Since that historic win in 2007, Chestnut has gone on to dominate the annual competition. He won the next 7 years in a row, made much easier with the disappearance of Kobayashi from the playing field. He didn’t actually disappear; he felt he was worth more than Major League Eating offered him, so he refused to sign a contract. In fact, in 2009 he showed up to view the contest, eventually being arrested for disrupting the event by jumping on the stage.

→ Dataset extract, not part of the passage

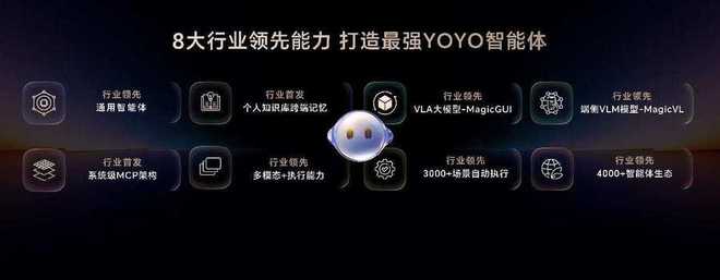 荣耀魔法大模型3.0,具有端云结合的大模型矩阵,在多模态理解、任务规划和工具调用等核心能力上,持续进化,紧密协同,达到比肩SOTA的业界顶尖水平。基于荣耀魔法大模型3.0的YOYO智能体,获得中国信通院L3级卓越型权威认证,代表了当前智能体泛化能力的最高水平。
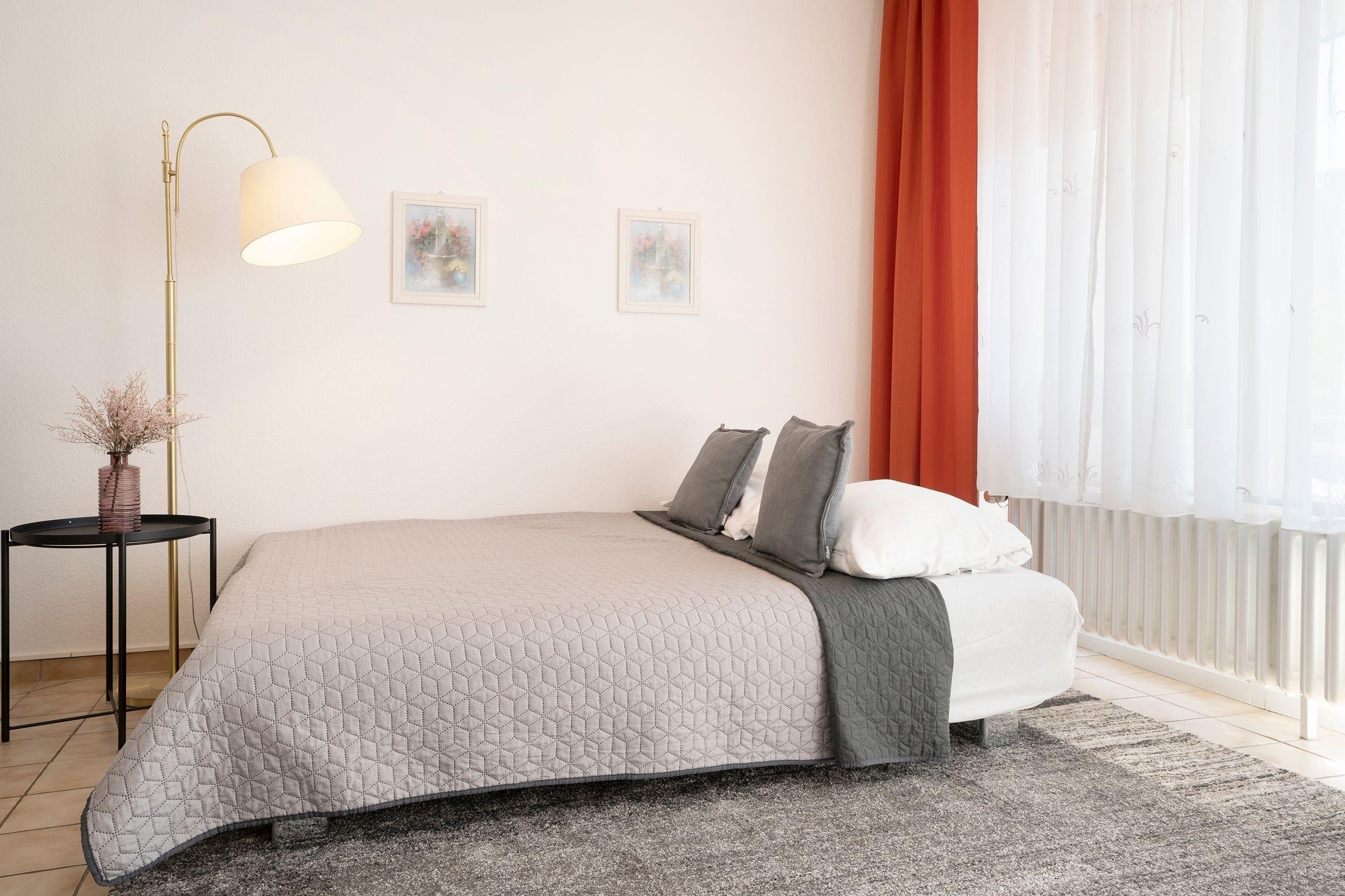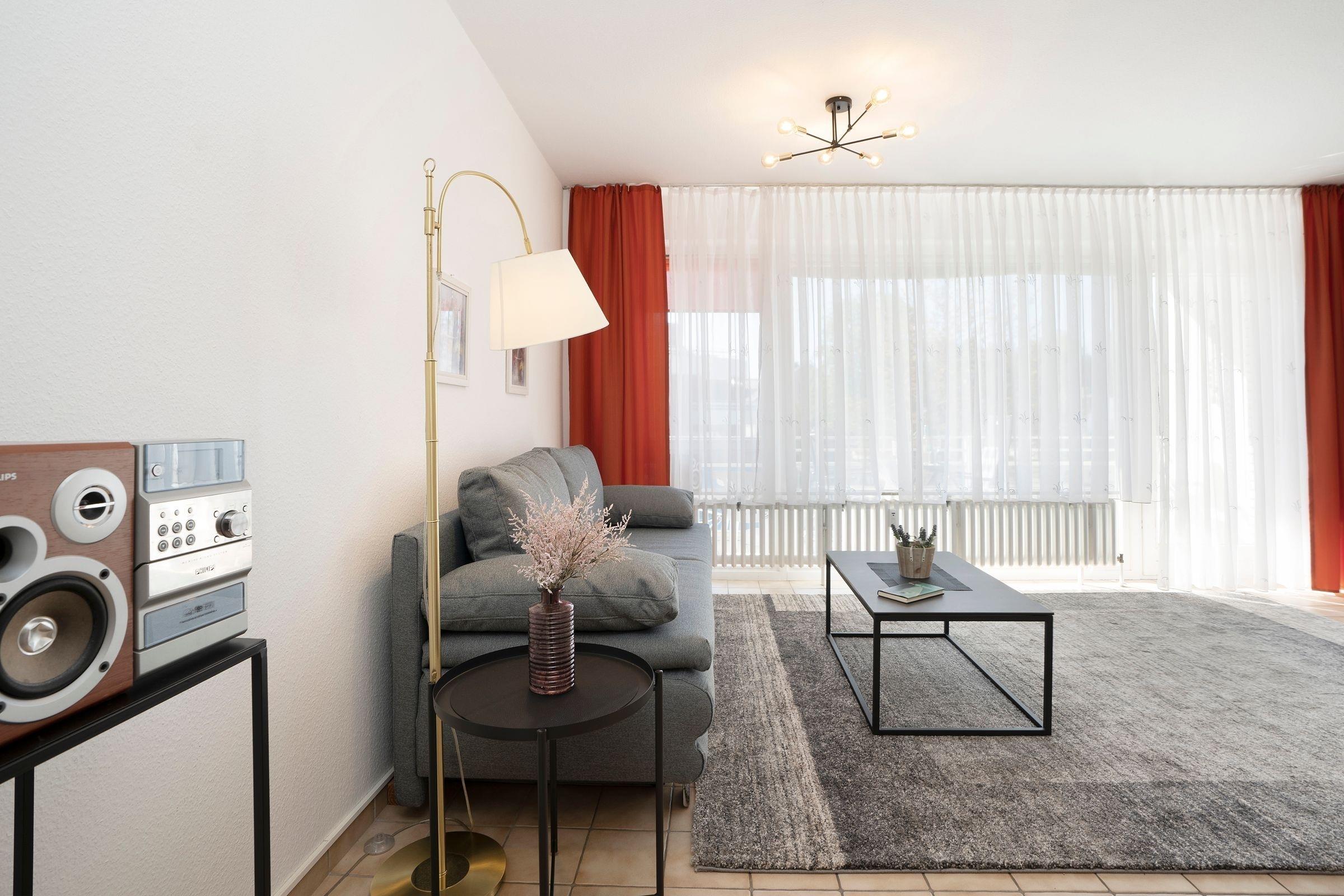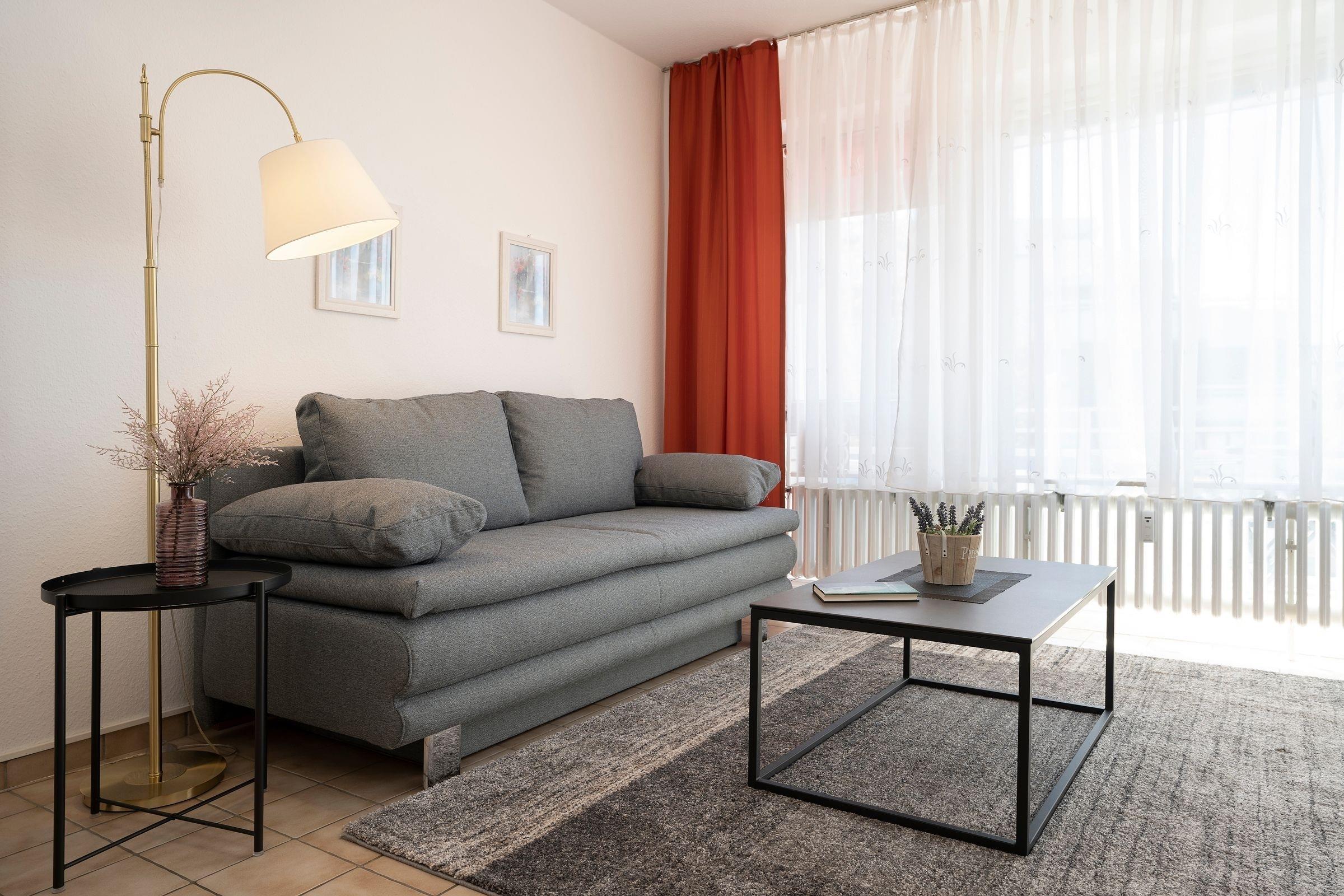 Machen Sie es sich hier auf der komfortablen Couch mit Schlaffunktion (150x200 cm) gemütlich und genießen ruhige Fernseh-Abende oder genießen Sie gesellige Runden in der integrierten Essecke. Ein Flatscreen-TV und eine Stereo-Anlage bieten Unterhaltung. Der offene Wohnraum ist lichtdurchflutet und verfügt über einen direkten Zugang zum möblierten Balkon mit Südost-Ausrichtung. Genießen Sie hier herrliche Sonnenstunden! Vom Wohnzimmer aus erreichen Sie die separate Küche, die zum Wohnraum hin offen liegt. Klein, aber fein ist hier die Devise. Für eine gute Ausstattung ist gesorgt, denn Annehmlichkeiten wie ein 4-Platten-Ceranherd, Backofen und Spülmaschine helfen im Ferienalltag. Das gemütliche Schlafzimmer verfügt über ein Doppelbett (2x 90x200 cm) und einen geräumigem Kleiderschrank für Ihre Urlaubsgarderobe. Im hell gefliesten Bad mit moderner Eckdusche, WC, Waschtisch und beleuchtetem Spiegel starten Sie entspannt in den Tag.

Chestnut was lapping the competition each year, much like his predecessor. In fact, it wasn’t even that fun to watch for us; they shortened the time of the event down to 10 minutes, and he was still eating 60 or so hot dogs, which made it even more grotesque to watch. But then, in 2015, the 8-time champion was unseated in a major upset by Matt “Megatoad” Stonie. The crowd, the betting world, and most lovers of hot dogs were all left in shock. But no one was more upset than Chestnut himself, as you could hear in his voice in the post “game” interview. He vowed revenge, and sure enough, he got it. Last year, “Jaws” took back the title with a jaw-dropping 70 hot dogs eaten in 10 minutes.
So, this year when you are gathered with friends and family on the 4th, see how many hot dogs you can eat in a minute. One? Maybe two? Definitely not three without being an embarrassment to the family. Then think about eating 7 in a minute, every minute, for the next 10. After you wrap your head around that, maybe you too will give these guys a little more credit for what they do, and you will sneak off around noon to a nearby TV and see what the final total will be this year. I know I will be…and who am I kidding, I will definitely be betting on the outcome.